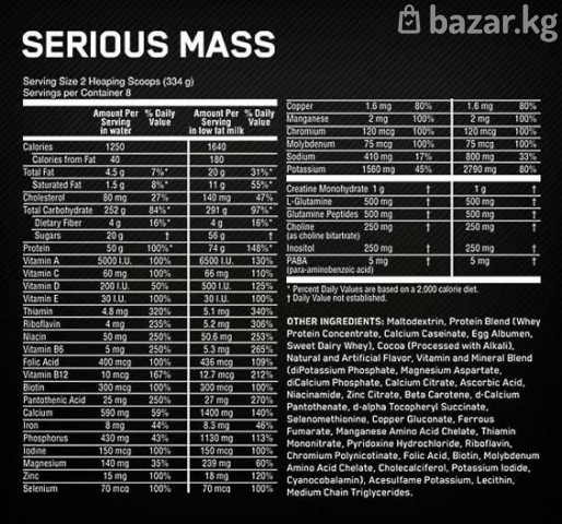 1 250 калорий в порции на воде; 1 630 калорий в порции на нежирном молоке 50 г протеина, комбинированного из быстрых и медленных компонентов, таких как сыворотка, казеин, яичный протеин Больше 250 г углеводов для поддержания энергии во время интенсивных тренировок и восполнения запасов гликогена. БЕЗ САХАРА. Усилен креатином, L-глютамином, пептидами глютамина, холином, инозитолом, PABA, MCT 25 витаминов и минералов с преобладанием витаминов группы B и антикоксидантов Состав Optimum Nutrition Serious Mass Размер порции: 2 мерные ложки (334 г) Порций в упаковке: 16 Количество питательных веществ в одной порции продукта Калории – 1250 ккал Калории из жиров – 30 ккал Всего жиров – 3,5 г Насыщенные жиры – 2 г Холестерин – 80 мг Всего углеводов – 254 г Сахар – 23 г Протеин – 50 г Витамин А – 5000 МЕ (100% РДН*) Витамин С – 60 мг (100% РДН) Витамин D – 200 МЕ (50% РДН) Витамин Е – 30 МЕ (100% РДН) Тиамин – 4,8 мг (320% РДН) Рибофлавин – 4 мг (235% РДН) Ниацин – 50 мг (250% РДН) Витамин В6 – 5 мг (250% РДН) Фолиевая кислота – 400 мкг (100% РДН) Витамин В12 – 10 мкг (167% РДН) Биотин – 300 мкг (100% РДН) Пантотеновая кислота – 25 мг (250% РДН) Кальций – 630 мг (63% РДН) Железо – 5 мг (28% РДН) Фосфор – 460 мг (46% РДН) Иод – 190 мкг (100% РДН) Магний – 140 мг (35% РДН) Цинк – 15 мг (100% РДН) Селен – 70 мкг (100% РДН) Медь – 1 мг (50% РДН) Марганец – 2 мг (100% РДН) Хром – 120 мкг (100% РДН) Молибден – 75 мкг (100% РДН) Натрий – 480 мг (20% РДН) Калий – 990 мг (28% РДН) Моногидрат креатина – 1 г L-глютамин – 500 мг Глютаминовые пептиды – 500 мг Холин (холин битартрат) – 250 мг Инозитол – 250 мг PABA (парааминобензойная кислота) – 5 мг Ингредиенты: Мальтодекстрин, протеиновая смесь (концентрат сывороточного протеина, казеинат кальция, яичный альбумин, сладкая молочная сыворотка), искусственные ароматизаторы, витаминная и минеральная смесь (фосфат дикалия, аспартат магния, фосфат дикальция, цитрат кальция, аскорбиновая кислота, ниацинамид, цитрат цинка, бета-каротин, пантотенат дикальция, d-альфа-токоферола сукцинат, селенометионин, глюконат меди, фумарат железа, аминокислотный хелат марганца, мононитрат тиамина, пиридоксина гидрохлорид, рибофлавин, полиникотинат хрома, фолиевая кислота, биотин, аминокислотный хелат молибдена, холекальциферол, иодид калия, цианокобаламин), триглицериды со средней цепью (MCT), лецитин, пищевые красители, ацесульфам калия. Содержит молочные, яичные, пшеничные и соевые ингредиенты. Способ применения: Добавьте две мерные ложки Serious Mass в блендер вместе с водой или молоком и взбейте. Если вы принимаете Serious Mass впервые, начните с половины порции в день. Через неделю увеличьте потребление до 1 и более порций. ВкусШоколад
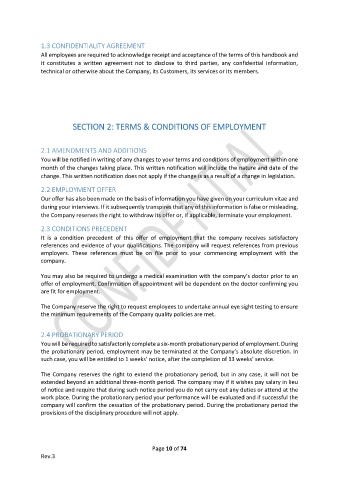 SECTION 2: TERMS & CONDITIONS OF EMPLOYMENT
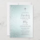 Le bord gauche de cette élégante invitation de première communion moderne comporte une bordure en faux diamant argenté en parties scintillant. Une fausse croix de feuille argent apparaît au-dessus du texte personnalisable, qui combine écriture manuscrite, copperplate et polices italiques en gris sur un arrière - plan sombre et turquoise clair chatoyant. L'envers présente un design correspondant.
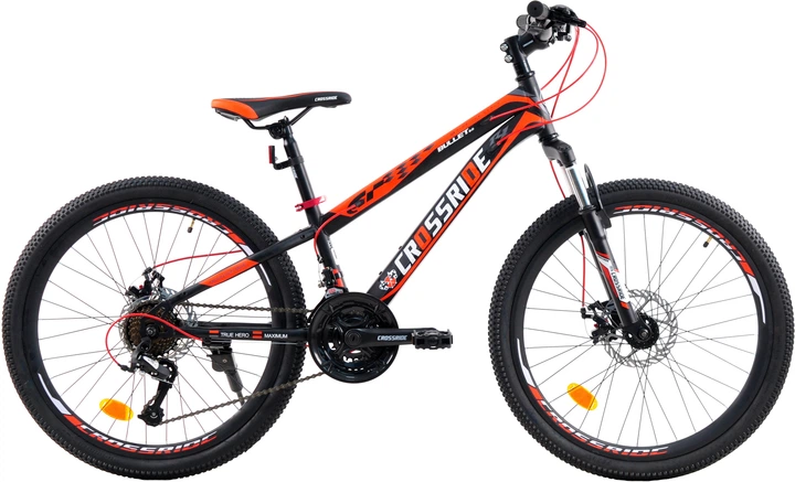 Велосипед гірський підлітковий 24 дюйми Crossride Bullet 2.0, рама 13" (Чорно-червоний)
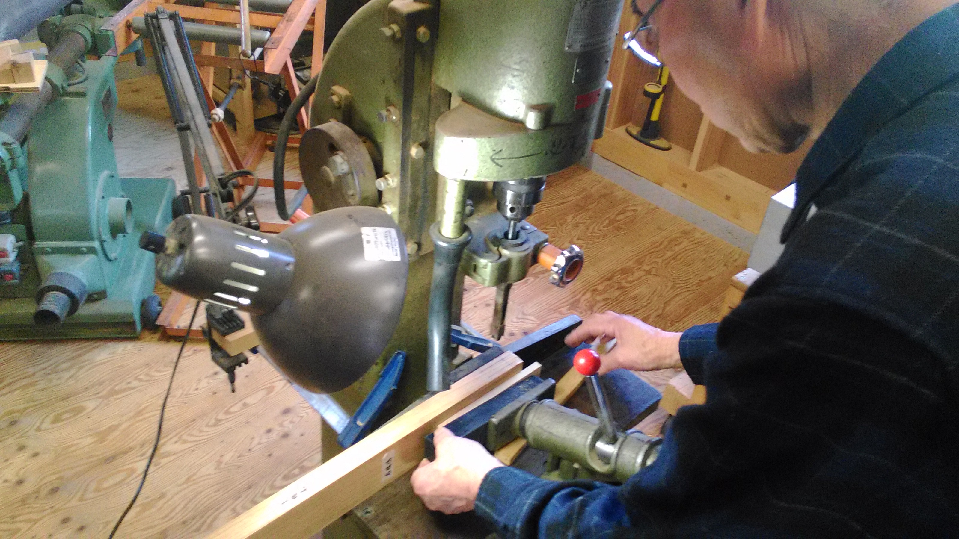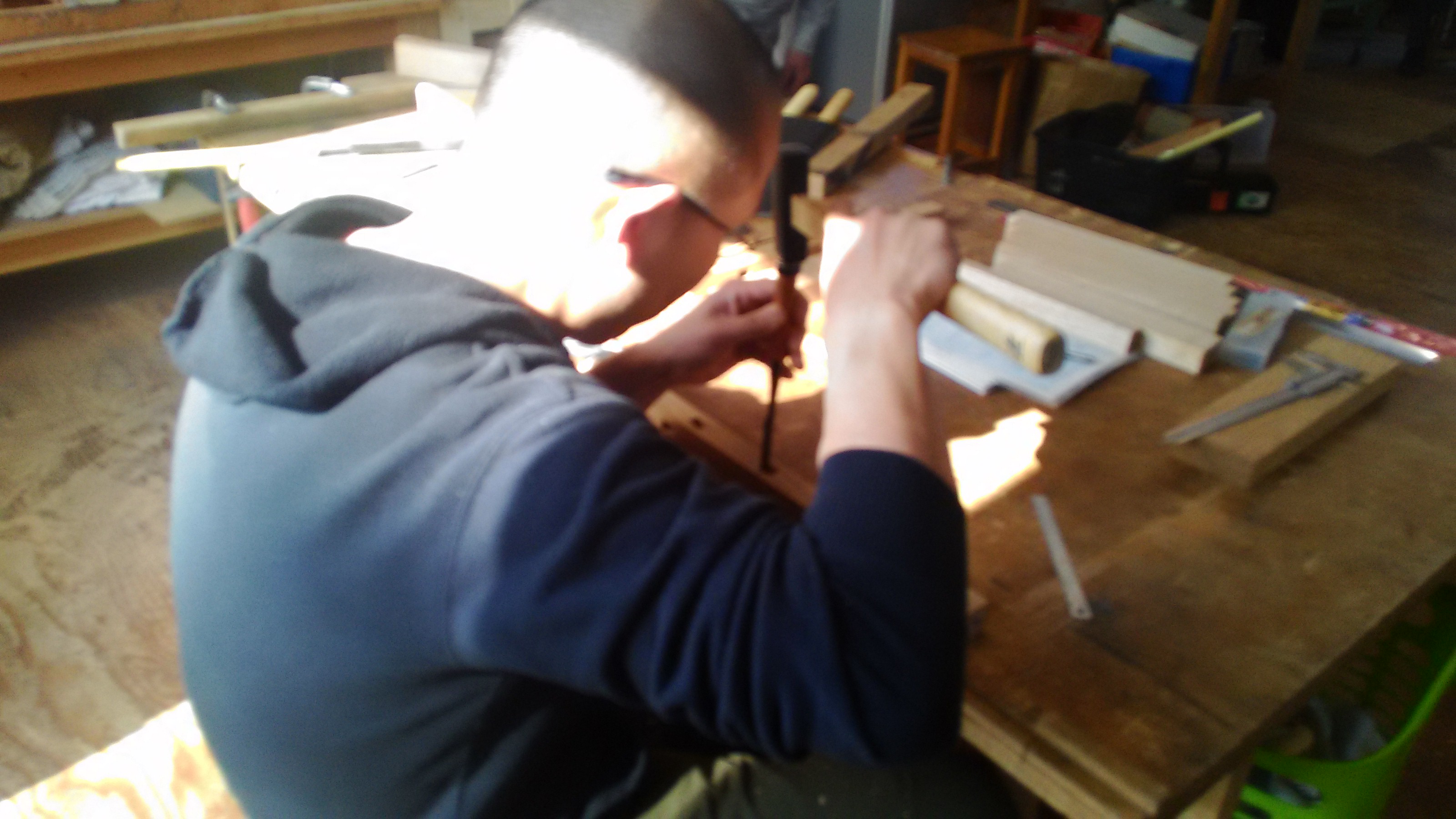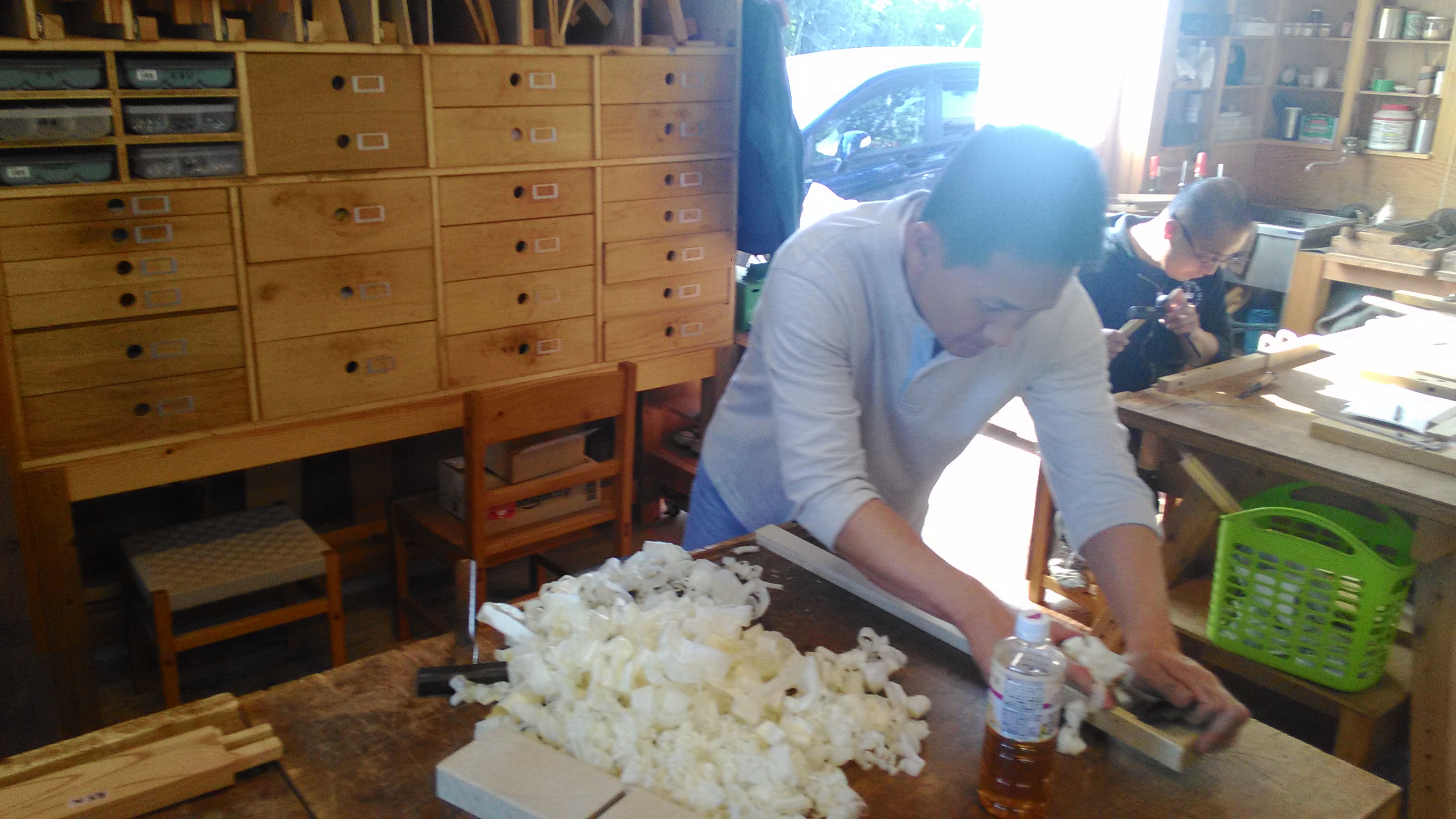 椅子の脚の鉋がけ。途中から2方向に曲がっているので、反り鉋などを駆使してけずっています。

### Task instructions
Skip every picture and retype only the lines from the line with "Велосипед гірський підлітковий" through the last line of the listing, both ends included, exactly as they appear.

### The answer
 Велосипед гірський підлітковий 24 дюйми Crossride Bullet 2.0, рама 13" (Чорно-червоний)
 椅子の脚の鉋がけ。途中から2方向に曲がっているので、反り鉋などを駆使してけずっています。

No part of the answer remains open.